The most important method for CV is Splitter.from_rolling, which deploys a simple while-loop that appends splits until any split exceeds the right bound of the index. If the last split has the length less than the one requested, it gets discarded, such that there is usually some unused space at the end of the backtesting period.

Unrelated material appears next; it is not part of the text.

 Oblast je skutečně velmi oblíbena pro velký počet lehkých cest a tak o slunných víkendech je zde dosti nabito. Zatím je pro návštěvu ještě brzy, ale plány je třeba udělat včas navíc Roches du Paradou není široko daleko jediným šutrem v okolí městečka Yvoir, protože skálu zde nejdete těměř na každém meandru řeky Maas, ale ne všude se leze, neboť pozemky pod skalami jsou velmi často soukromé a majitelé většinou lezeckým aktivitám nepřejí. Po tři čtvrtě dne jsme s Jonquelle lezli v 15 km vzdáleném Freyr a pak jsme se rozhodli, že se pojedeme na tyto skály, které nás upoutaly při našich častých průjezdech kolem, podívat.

But the most interesting question is: where do we place the next split? By default, if there's only one set, the next split is placed right after the previous one. If there are multiple sets though, the next split is placed right after the first (IS) range in the previous split, such that IS ranges never overlap across splits. And of course, we can control the offset behavior using offset_anchor_set (which range in the previous split acts as an anchor?), offset_anchor (left or right bound of that range acts as an anchor?), offset (positive/negative distance from anchor), and offset_space (see RelRange).

>>> vbt.Splitter.from_rolling(
...     data.index,
...     length=360,  # (1)!
... ).plot().show()
  1. Length can a number of bars (int), a percentage (float such as 0.1 for 10% of the entire period) and a duration (string such as"360 days" or any timedelta-like object)

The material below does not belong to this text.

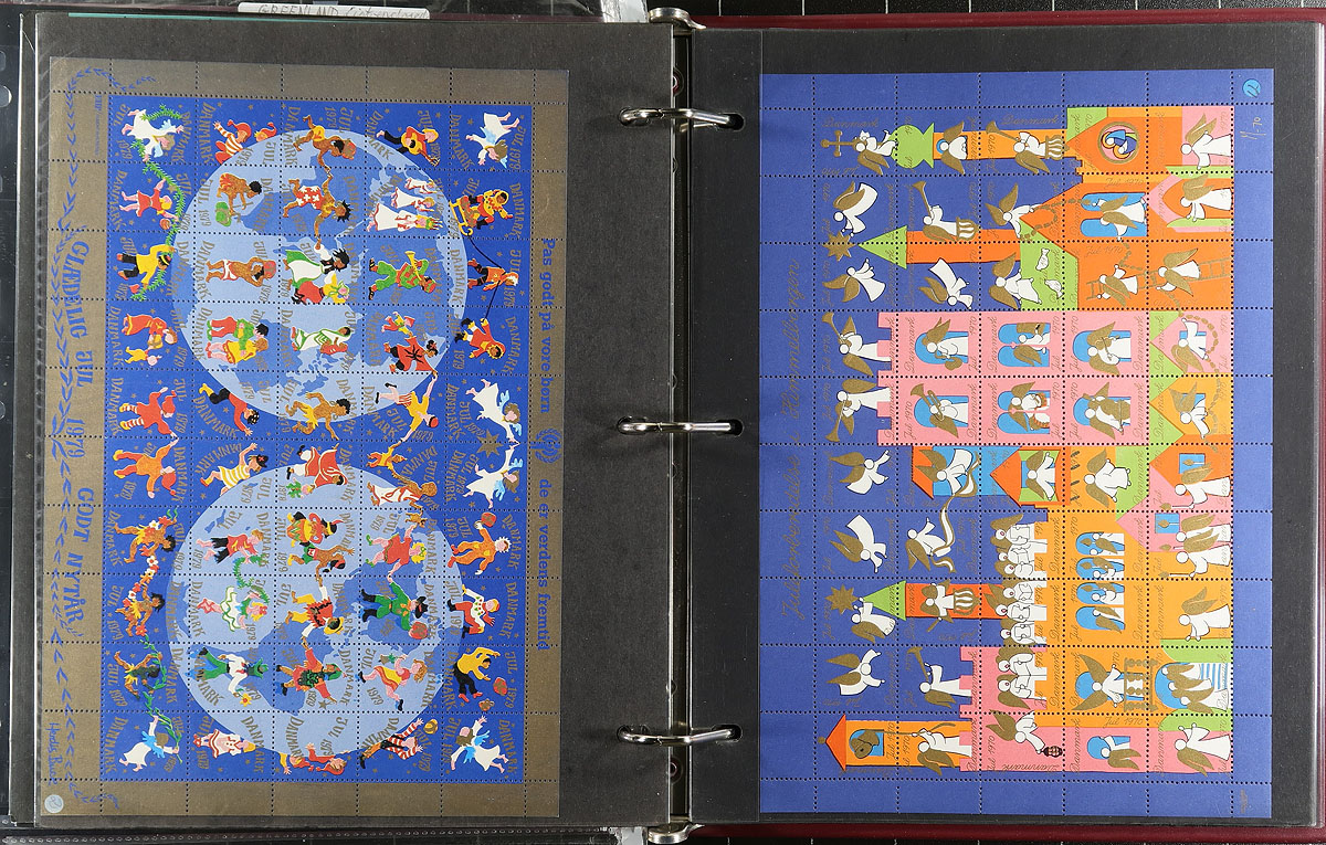 Nice group of 33 complete sheets of Scandinavia Christmas Seals, 1959-2013, containing 14 from Denmark, 17 from Greenland, and 2 from Faroe Islands. A full of the larger sheets have been folded in half. Not something one ordinarily sees, and a nice lot for Christmas seals, topical and thematic collectors. Should be well worth our estimate. Estimate =

>>> vbt.Splitter.from_rolling(
...     data.index, 
...     length=360,
...     offset=90  # (1)!
... ).plot().show()
  1. Similarly to a length, an offset can also be a percentage (but relative to offset_space) and a duration

>>> vbt.Splitter.from_rolling(
...     data.index, 
...     length=360,
...     offset=-0.5  # (1)!
... ).plot().show()
  1. In contrast to a length, an offset can also be negative (also duration, for example "-180 days"). Since offset_space defaults to the length of the previous split or anchor range, this will move the next window to the left by 50% of the previous window's length.

>>> vbt.Splitter.from_rolling(
...     data.index, 
...     length=360,
...     split=0.5  # (1)!
... ).plot().show()
  1. Split instruction passed to Splitter.split_range to split each window. Here, allocate 50% for the first range and the remaining space for the second.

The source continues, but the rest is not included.